However, other research so far shows that the "curriculum learning" approach is not effective.

Morcos said the team is tweaking this approach, which is deep learning’s dirtiest secret.

OpenAI Google wants to build a "data market"?

Altman revealed last year that the company was researching new methods of training models.

"I think we're at the end of the era of these giant models. We're going to find other ways to make them better."

OpenAI has also discussed creating a "data marketplace," people familiar with the matter said.

In this market, OpenAI could build a way to determine the contribution of each data point to the final trained model and pay the provider of that content.

The same idea has been discussed within Google.

Currently, researchers have been working hard to create such a system, and it is unclear whether a breakthrough will be found.

Executives have discussed using its automatic speech recognition tool Whisper to transcribe high-quality video and audio samples on the Internet, according to people familiar with the matter.

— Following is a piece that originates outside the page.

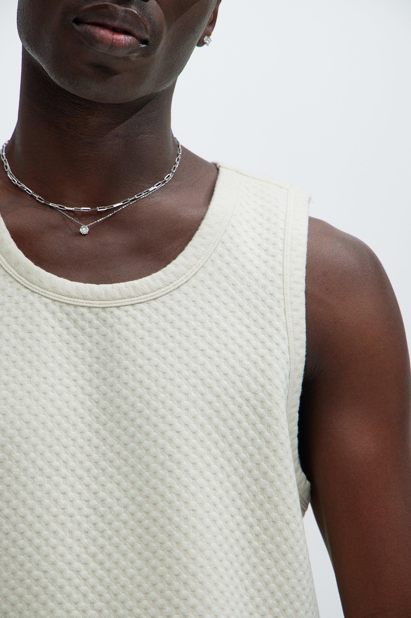 Available In Off White. Scoop Neck Sleeveless Textured Detail 95% Polyester, 5% Spandex Imported California Proposition 65 WARNING: Cancer and Reproductive Harm - www.P65Warnings.ca.gov.

Some of this will be done via public YouTube videos, and some of the data has already been used to train GPT-4.

Next step, synthesize the data

Some companies are also trying to produce their own data.

Feeding AI-generated text is considered “inbreeding” in the field of computer science.

Such models often output meaningless content, which some researchers refer to as "model collapse."

Researchers at OpenAI and Anthropic are trying to avoid these problems by creating so-called higher-quality synthetic data.

In a recent interview, Anthropic's chief scientist Jared Kaplan said some types of synthetic data could be helpful. At the same time, OpenAI is also exploring the possibility of synthetic data.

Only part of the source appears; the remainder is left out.